** INPUT FOR THIS TASK follows **

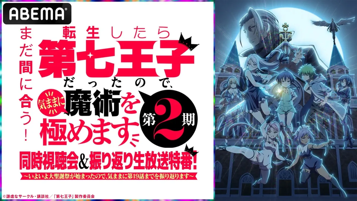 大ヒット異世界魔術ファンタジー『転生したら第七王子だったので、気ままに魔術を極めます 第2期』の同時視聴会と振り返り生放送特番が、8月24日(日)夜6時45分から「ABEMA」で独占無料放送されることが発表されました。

** End of INPUT FOR THIS TASK **
** INPUT FOR THIS TASK follows **

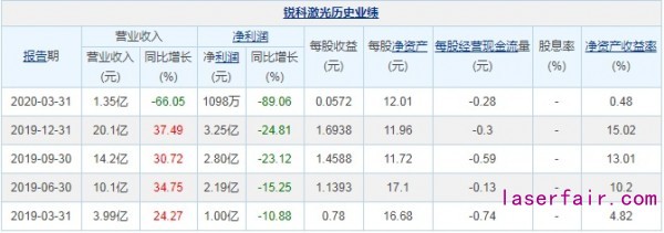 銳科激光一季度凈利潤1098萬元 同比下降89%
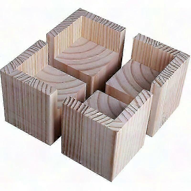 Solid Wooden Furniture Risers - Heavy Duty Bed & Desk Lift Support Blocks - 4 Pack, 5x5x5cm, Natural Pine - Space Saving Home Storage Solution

** End of INPUT FOR THIS TASK **
** INPUT FOR THIS TASK follows **

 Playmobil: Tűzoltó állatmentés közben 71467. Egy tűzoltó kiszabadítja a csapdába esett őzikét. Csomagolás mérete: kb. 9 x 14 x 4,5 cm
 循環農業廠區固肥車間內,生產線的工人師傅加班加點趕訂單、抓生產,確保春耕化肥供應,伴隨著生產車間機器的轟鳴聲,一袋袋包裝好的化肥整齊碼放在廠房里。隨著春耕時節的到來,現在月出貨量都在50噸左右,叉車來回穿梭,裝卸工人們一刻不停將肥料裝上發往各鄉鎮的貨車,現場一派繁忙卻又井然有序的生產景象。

** End of INPUT FOR THIS TASK **

TRY IT: What lines above run from the one with "銳科激光一季度凈利潤1098萬元 同比下降89%" to the one with "Solid Wooden Furniture"? Give them again exactly, ends included, and leave the pictures out.

TASK RESULT:
 銳科激光一季度凈利潤1098萬元 同比下降89%
 Solid Wooden Furniture Risers - Heavy Duty Bed & Desk Lift Support Blocks - 4 Pack, 5x5x5cm, Natural Pine - Space Saving Home Storage Solution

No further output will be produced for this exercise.